Department of Surgery, The University of Hong Kong, Queen Mary Hospital, Hong Kong SAR, China.
J Pediatr Surg. 2010 Dec;45(12):2412-8. doi: 10.1016/j.jpedsurg.2010.08.044.
Long-term total parenteral nutrition (TPN) in children is often complicated by parental nutrition-associated liver disease and may even lead to liver failure. Recently, the addition of ω-3 fatty acids to TPN has been shown to reduce the risk of parental nutrition-associated liver disease. The purpose of this study was to explore the anti-inflammatory effects of ω-3 fatty acids (eicosapentaenoic acid [EPA]) to demonstrate the protection of the liver against hepatic steatosis and damage.

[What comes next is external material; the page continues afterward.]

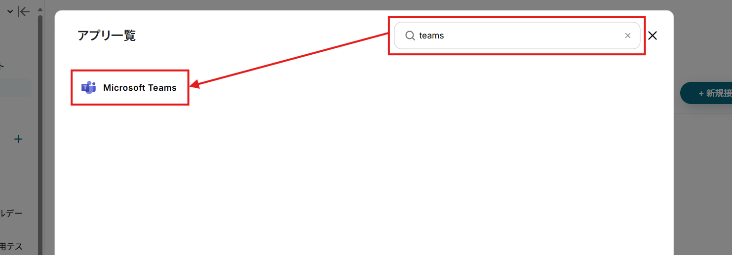 アプリ一覧画面が表示されたら、右上の検索バーでアプリ名(ここではMicrosoft Teams)を検索して選択。
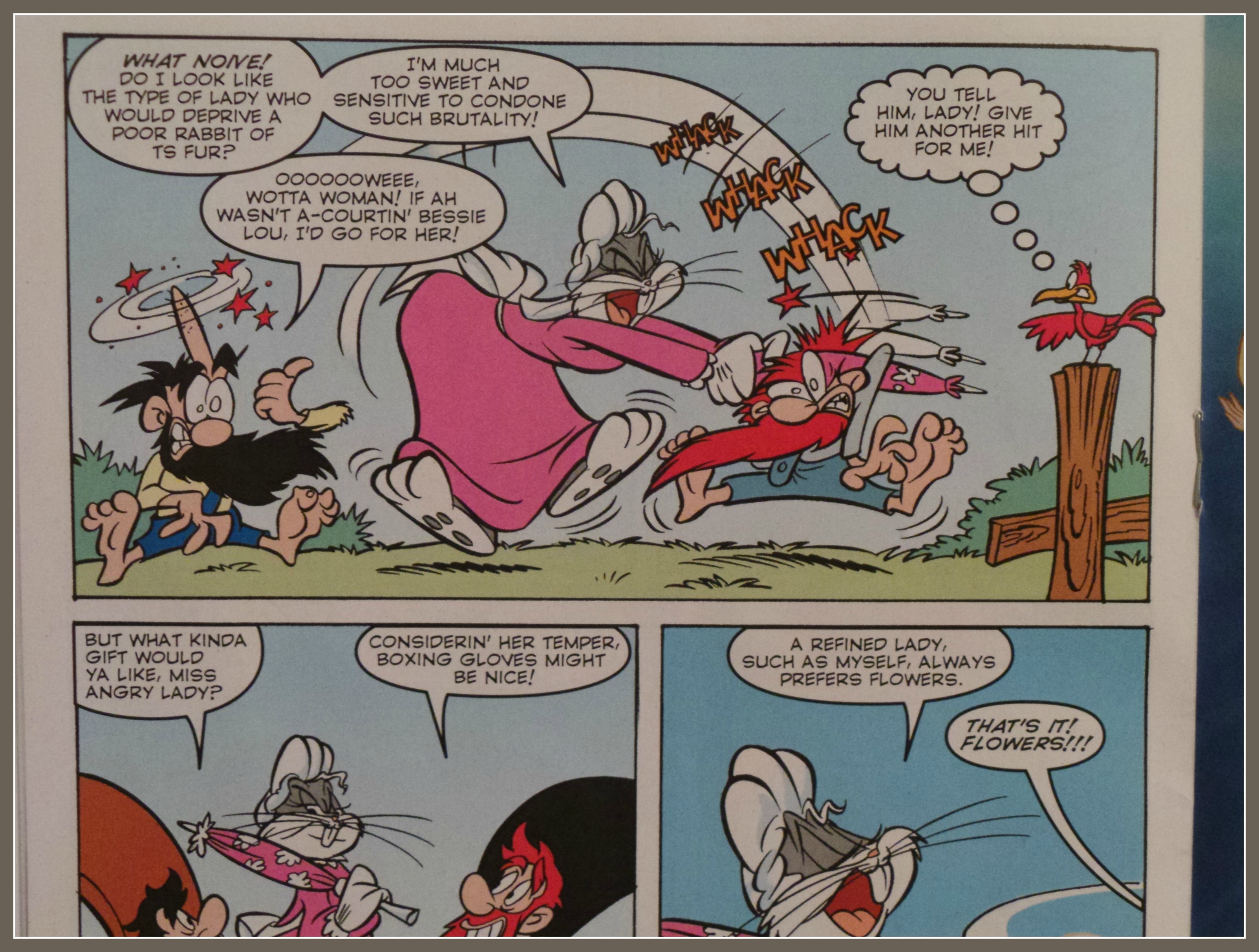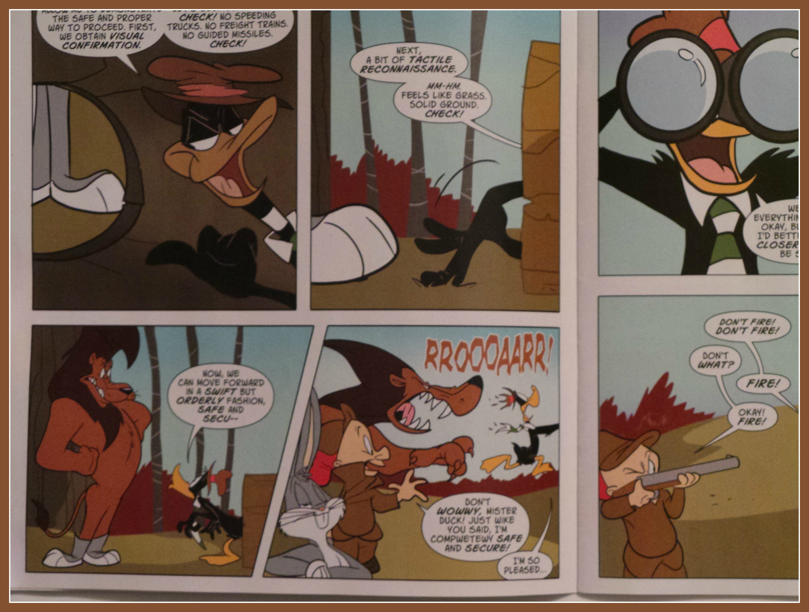 Part of that was based on what I now know about how Looney Tunes is produced. In a way it’s very similar to Mickey Mouse where the comic has some repackaged stories, some that originally were published overseas and a couple new ones with original art. What I didn’t factor in from our original review was that all of the stories were new to him. He didn’t care about the 1/16 what variance on the exterior of the pages; he just wanted to be entertained.

Lipopolysaccharide (LPS) and prostaglandin E(2) (PGE(2)) were used to stimulate human macrophages and hepatocytes (THLE-3) to induce in vitro inflammatory condition. The cells were then incubated with either ω-3 (EPA) or ω-6 (arachidonic acid) fatty acids. Supernatants were collected at different time points for the measurement of tumor necrosis factor α (TNF-α), interleukin 6 (IL-6), and interleukin 10 (IL-10) using enzyme-linked immunosorbent assay. Furthermore, pretreated macrophages by LPS stimulation and after incubation with EPA were added to prestimulated hepatocytes for the subsequent measurement of cytokine response.
Eicosapentaenoic acid effectively reduced LPS-induced or PGE(2)-induced TNF-α and IL-6 expression, and increased IL-10 expression significantly when compared with arachidonic acid. Furthermore, supernatant collected after co-culturing EPA with macrophages also suppressed the levels of TNF-α and IL-6 in hepatocytes. This would suggest that EPA not only had an anti-inflammatory effect on macrophages and hepatocytes directly, it could indirectly reduce hepatocyte inflammation through activated macrophages.
The addition of ω-3 fatty acids in TPN suppresses the inflammatory response via direct and indirect routes. The findings may help explain the clinical benefits of EPA in pediatric patients receiving long-term TPN.
儿童长期全胃肠外营养(TPN)常并发与肠外营养相关的肝病,甚至可能导致肝功能衰竭。最近,TPN 中添加ω-3 脂肪酸已被证明可降低与肠外营养相关的肝病风险。本研究旨在探讨 ω-3 脂肪酸(二十碳五烯酸[EPA])的抗炎作用,以证明其对肝脂肪变性和损伤的保护作用。
使用脂多糖(LPS)和前列腺素 E(2)(PGE(2))刺激人巨噬细胞和肝细胞(THLE-3),诱导体外炎症状态。然后,将细胞分别与 ω-3(EPA)或 ω-6(花生四烯酸)脂肪酸孵育。在不同时间点收集上清液,通过酶联免疫吸附试验测量肿瘤坏死因子 α(TNF-α)、白细胞介素 6(IL-6)和白细胞介素 10(IL-10)。此外,用 LPS 刺激巨噬细胞,然后用 EPA 预处理,加入预先刺激的肝细胞,以测量随后的细胞因子反应。
与花生四烯酸相比,二十碳五烯酸可有效降低 LPS 诱导或 PGE(2)诱导的 TNF-α和 IL-6 的表达,并显著增加 IL-10 的表达。此外,收集 EPA 与巨噬细胞共培养后的上清液也可抑制 TNF-α和 IL-6 在肝细胞中的水平。这表明 EPA 不仅对巨噬细胞和肝细胞有直接的抗炎作用,还可以通过激活的巨噬细胞间接减少肝细胞的炎症反应。
TPN 中添加 ω-3 脂肪酸通过直接和间接途径抑制炎症反应。这些发现可能有助于解释 EPA 在接受长期 TPN 的儿科患者中的临床益处。